McEvoy Arts’ fifth anniversary exhibition Color Code celebrates color and its vibrant expressions in the arts. Modern and contemporary artworks from the McEvoy Family Collection join four new commissions by Bay Area artists Sadie Barnette, Angela Hennessy, Clare Rojas, and Zio Ziegler to showcase how we bring color into our lives.

Barnette’s installation is a tribute to family in rainbow hues celebrating connection and legacy. Hennessy’s gilded wall works evoke the complex racial and colonialist histories embedded in the colors black and gold. Rojas’ portraits of a girl play with how color palettes and shapes can suggest space, character, and mood. Ziegler’s paintings are as complex as the imaginary landscapes of Hieronymous Bosch, delving into memory as fiction in the digital age. These new works are complemented by a selection of painting, sculpture, and photography from the McEvoy Family Collection by colorists Etel Adnan, Ricci Albenda, David Alekhuogie, William Eggleston, Spencer Finch, Marilyn Minter, Gordon Parks, David Benjamin Sherry, and others.

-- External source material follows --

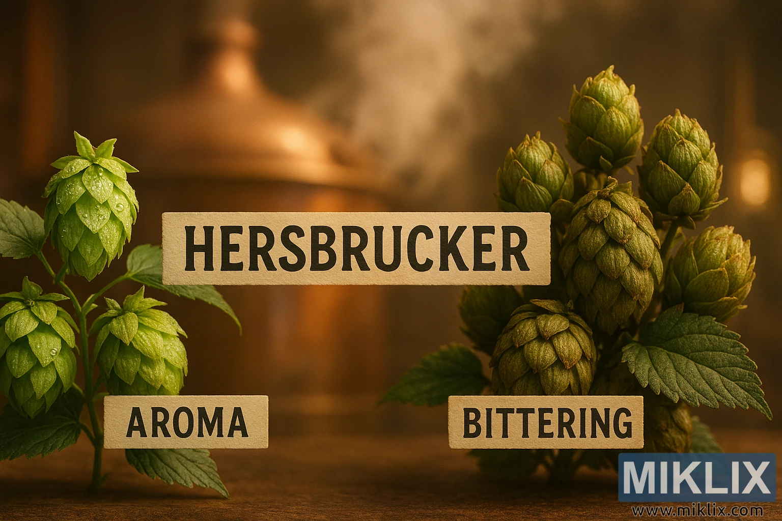 This image is ideal for educational, promotional, or catalog use, offering a clear and visually engaging representation of how Hersbrucker hops contribute to both aroma and bitterness in beer brewing.

These works speak to various color theories that abound in science and the arts. In ancient Greece, Aristotle held that deities sent down color from the heavens as celestial rays. In the seventeenth century, Sir Isaac Newton’s experiments with prisms led him to theorize that the real basis for visible color is in light itself, linking color systems to musical notation. For numerous visual artists, filmmakers, and designers, color is a both a means and an end. It is a tool for communicating stories, values, and ideas, as well as an expression of beauty, pleasure, and feeling in and of itself.

Color Code is accompanied by Visible Light, a program of short films in McEvoy Arts’ Screening Room about the relationship between light and color in the moving image; The Fifth Edition, a special anniversary newspaper showcasing color in the graphic arts; and workshops hosted by color specialists illuminating its important role in arts and design.